Consider the Income Verification Express Service, known as IVES, which allows lenders to use IRS data to check income claims. Few of the companies that use the service have complied with security mandates. And the IRS itself has scarcely done better: “We identified 8,754 tax transcripts that the IVES Program improperly issued for 4,726 taxpayers during Processing Year 2019” — all because either the software of the clerks didn’t take proper note that the file in question had been flagged for identity theft.

The report is full of similarly alarming nuggets, from improperly sanitized laptops and smartphones to insecure physical door locks, from inactive accounts with administrative access that nobody’s disabled to inaccurate equipment inventory in the department’s crime lab.

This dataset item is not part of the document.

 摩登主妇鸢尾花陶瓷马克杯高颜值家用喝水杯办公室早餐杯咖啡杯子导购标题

And there are bigger issues. For instance, the legacy systems have persistent vulnerabilities: “Configuration management compliance for Windows and Linux servers is not effective,” the report states flatly. It’s hardly reassuring that the explanation that follows, which occupies a good two pages, has been almost entirely redacted.

Oh, and just in case you’re wondering: “Vulnerabilities open past remediation time frames are not effectively documented and tracked.” In other words, the agency itself isn’t sure which vulnerabilities have been patched — or even which ones exist.

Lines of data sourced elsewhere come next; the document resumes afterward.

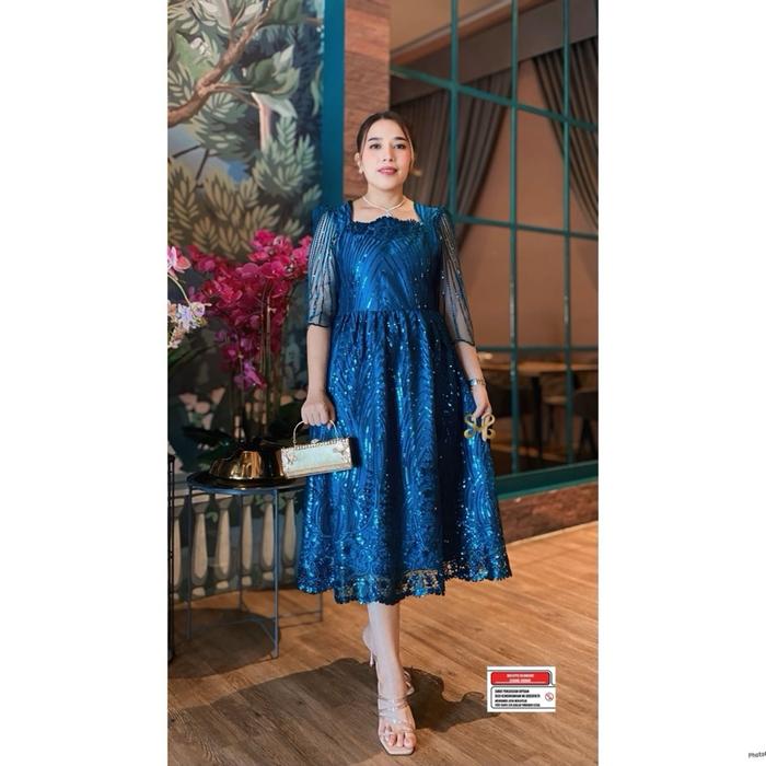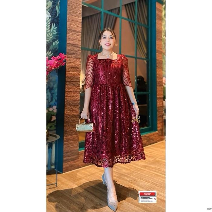 AURORA - Dress pesta / dress kondangan / Bahan tile premium / By AMC - Maroon, S
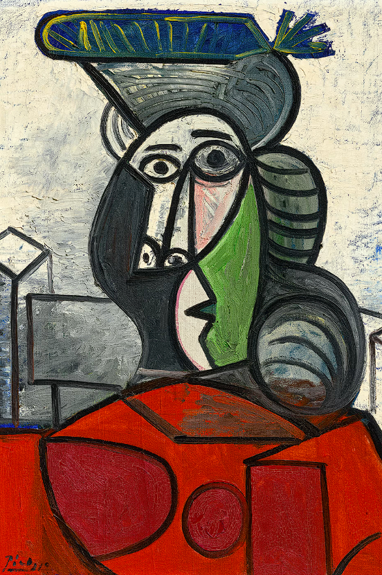据悉,该作品创作于1944年,以毕加索的情人、超现实主义艺术家朵拉・玛尔(Dora Maar)为原型,描绘她头戴标志性花帽、眼神深邃的形象。
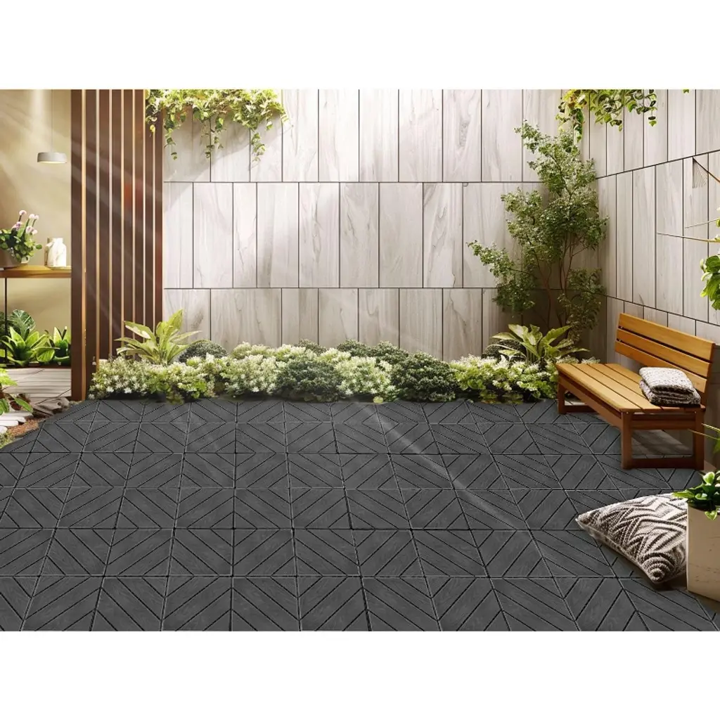 Plastic Composite Deck Tiles Set Of 35pcs, Composite Decking Resist Rust, Water, Weather, Easy To Diy & Maintain

Remember the leak of confidential taxpayer information to ProPublica earlier this year? Whatever one’s politics, it’s easy to see it as a reason to worry, given that the IRS evidently either (1) has no way to track down who handled the data in question, or (2) allows access to private data to so many people that it’s impossible to tell who downloaded it. (And if it was an outside hack, well, that’s more worrisome still.)

But it’s not surprising. An August report from the Senate Committee on Homeland Security found cyberprotections throughout the federal government to be ... well, the only word that comes to mind is atrocious. For example, the Department of Transportation was unable to locate 7,231 mobile devices and — get ready for it — 4,824 servers. Tests at the State Department “revealed 450 critical-risk and 736 high-risk outstanding vulnerabilities” and found thousands of active email accounts for former employees, including on the department's classified networks.

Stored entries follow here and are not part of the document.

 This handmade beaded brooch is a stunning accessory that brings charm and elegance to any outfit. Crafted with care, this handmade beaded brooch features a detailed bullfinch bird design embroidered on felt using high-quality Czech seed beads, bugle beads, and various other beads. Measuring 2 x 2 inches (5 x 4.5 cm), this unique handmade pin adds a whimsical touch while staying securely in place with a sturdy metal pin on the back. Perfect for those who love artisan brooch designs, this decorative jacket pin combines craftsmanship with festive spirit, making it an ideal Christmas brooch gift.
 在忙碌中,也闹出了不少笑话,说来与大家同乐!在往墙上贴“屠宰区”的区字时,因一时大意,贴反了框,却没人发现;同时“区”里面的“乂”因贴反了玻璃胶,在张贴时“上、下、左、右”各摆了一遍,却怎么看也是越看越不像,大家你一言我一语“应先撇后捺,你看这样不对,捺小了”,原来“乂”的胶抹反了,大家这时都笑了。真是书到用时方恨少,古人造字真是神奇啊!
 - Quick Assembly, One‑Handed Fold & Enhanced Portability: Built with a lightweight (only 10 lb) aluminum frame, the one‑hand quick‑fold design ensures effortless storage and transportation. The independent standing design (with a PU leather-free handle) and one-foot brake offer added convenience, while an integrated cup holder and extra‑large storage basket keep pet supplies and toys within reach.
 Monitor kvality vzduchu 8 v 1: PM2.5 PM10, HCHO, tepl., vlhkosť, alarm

At the Department of Education, investigators “successfully transmitted to an external email address a test file containing 200 credit card numbers in a format that should have been blocked according to the Department’s policy.” By exploiting the same flaw, a real document containing thousands or tens of thousands of credit card numbers could have been stolen.

Seven of the eight departments surveyed were equally abysmal at cybersecurity.

If the federal government were a private corporation, trial lawyers would be having a field day. The fact that its agencies are protected by the principle of sovereign immunity is producing exactly the moral hazard problems scholars have long noted.

The issue is government-wide, so it is unfair to single out the IRS and its 81,000 employees. (My own admittedly rare interactions have been excellent.) And the unfortunate bipartisan erosion of the IRS budget over the past decade can hardly have helped it comply with security mandates. Nor did the IG give the agency a failing grade at everything; some departments seem to be securing data better than others. Moreover, there is some solace in the fact that the 2020 SolarWinds attack on multiple federal agencies apparently failed to gain access to data on individual taxpayers.

Having said that, it is fair to ask whether there might be a point to the widespread skepticism about such new IRS requirements as the one calling for banks to share ever more information about ever-smaller accounts. Maybe a government hungry for more private data should first meet its own standards for security.